Economia

Cinghiali, agricoltori pronti alla mobilitazione. Coldiretti Marche: «Serve maggior impegno della politica»

Una presenza, quella dei cinghiali, stimata in 40mila capi in tutta la regione. Parla la presidente di Coldiretti Marche Maria Letizia Gardoni

Da Pixabay, di Ambquinn

«Nelle Marche siamo avvantaggiati rispetto ad altre regioni ma per affrontare il problema dei danni in agricoltura da fauna selvatica serve un approccio più incisivo, un maggiore impegno da parte della politica». Sono le parole di Maria Letizia Gardoni, presidente di Coldiretti Marche, che ieri, 11 giugno, ha incontrato presidenti, dirigenti e direttori delle federazioni provinciali riuniti ad Ancona per l’assemblea regionale dell’organizzazione agricola.

Coldiretti, che martedì prossimo incontrerà il Prefetto di Ancona per annunciare lo stato di agitazione – dopo aver già fatto altrettanto a Macerata e in attesa di salire dai prefetti delle altre province – ha annunciato una grande manifestazione degli agricoltori sotto Palazzo Raffaello, sede della giunta regionale, da tenersi nel mese di luglio.

Secondo i report della stessa Regione il 75% dei anni in agricoltura è causato proprio dai cinghiali, specie in sovrannumero e fonte di pericoli sia per la viabilità stradale che per il contagio della peste suina. «Organizzeremo questa manifestazione – ha proseguito la presidente Gardoni – forti delle ultime novità legislative a livello nazionale che prevedono, se necessario, l’intervento straordinario dell’esercito, la possibilità di cattura anche nelle aree protette o nelle aree urbane e senza passare per il parere dell’Ispra».

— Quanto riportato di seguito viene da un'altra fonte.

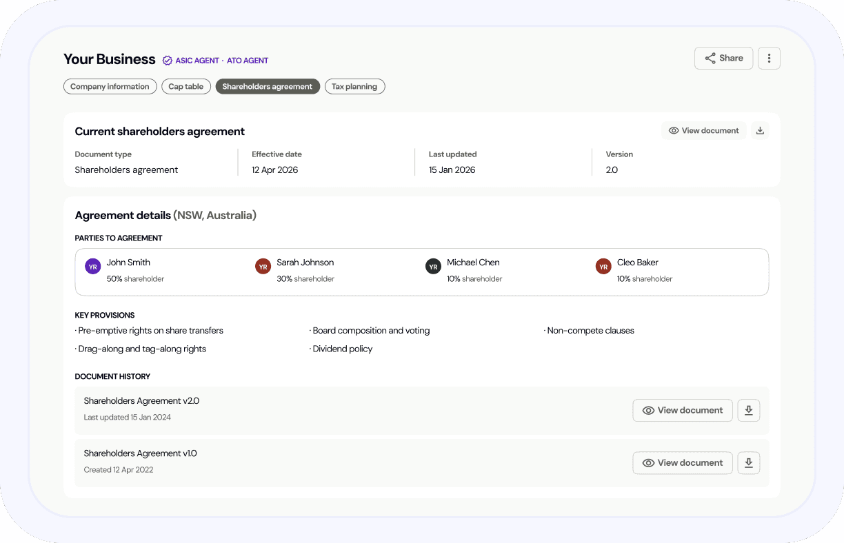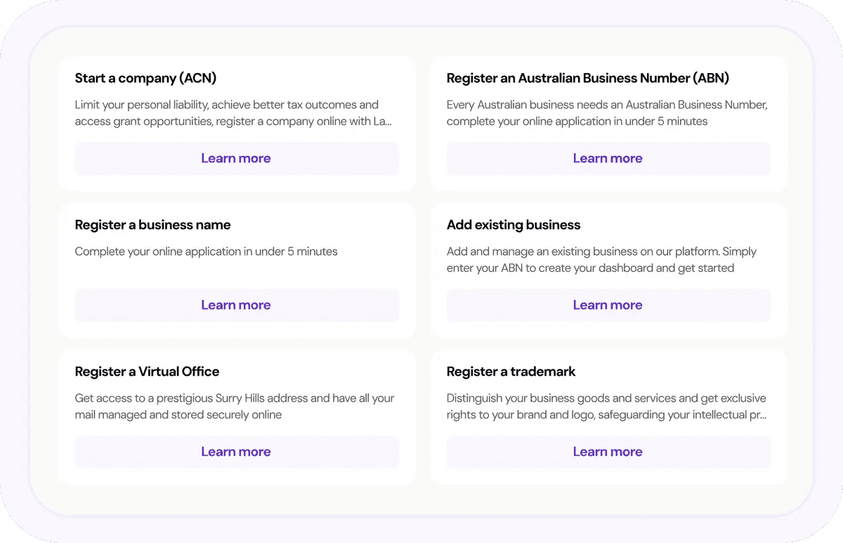 Company registration, ABN, business name, trademark and trust setup - all from one platform. Complete with essential documents and expert guidance
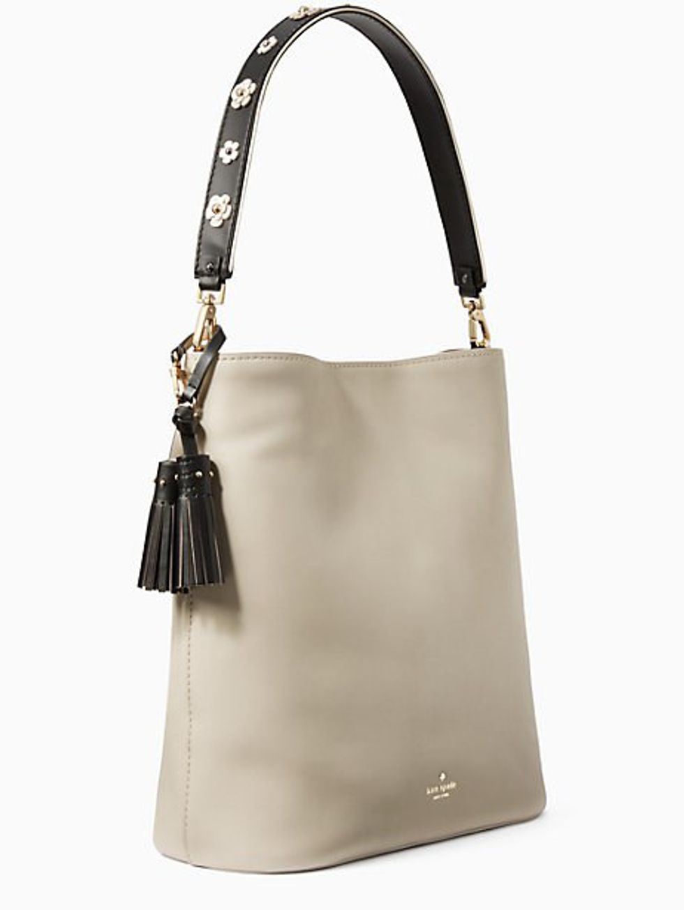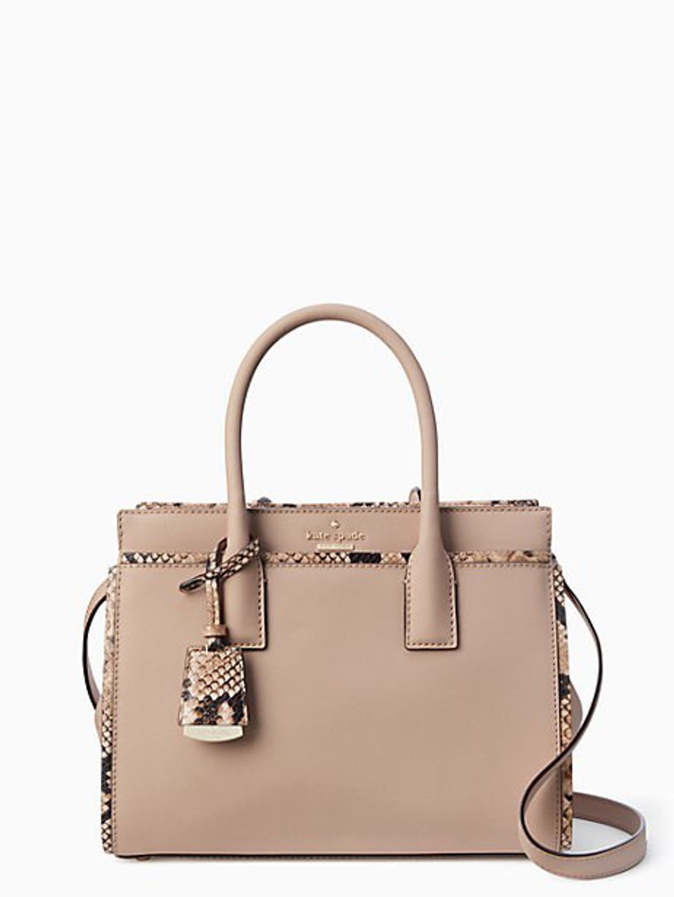 One of the newer additions to the Kate Spade collection is the many different snake skin purses featured in Cameron Street. This particular bag comes in a range of colors and also in an adorable over-the-shoulder bag that's just the right size to make the perfect accent piece to any outfit. The color in the picture above makes this purse extremely feminine and classic while the snake skin accents bring an edgier fashion to the bag.

Una presenza, quella dei cinghiali, stimata (ma sarebbe più corretto dire “sottostimata”) in 40mila capi in tutta la regione, anche a ridosso dei centri urbani più popolosi. Una fonte costante di pericolo per la sicurezza di tutta la comunità e una minaccia per le colture agricole. «È tempo che la Regione, visto che il Piano di contenimento degli ungulati è scaduto nel 2023 ed è stato prorogato, si doti di un nuovo documento che renda più incisivo il contrasto. Occorre un ripensamento degli Atc, lo snellimento delle procedure per i risarcimenti agli agricoltori, il potenziamento dei mezzi di prevenzione – commentano da Coldiretti – ed è estremamente urgente il Piano di contenimento per la Peste Suina. Al momento abbiamo avuto rassicurazioni da parte della politica ma ci aspettiamo finalmente fatti concreti».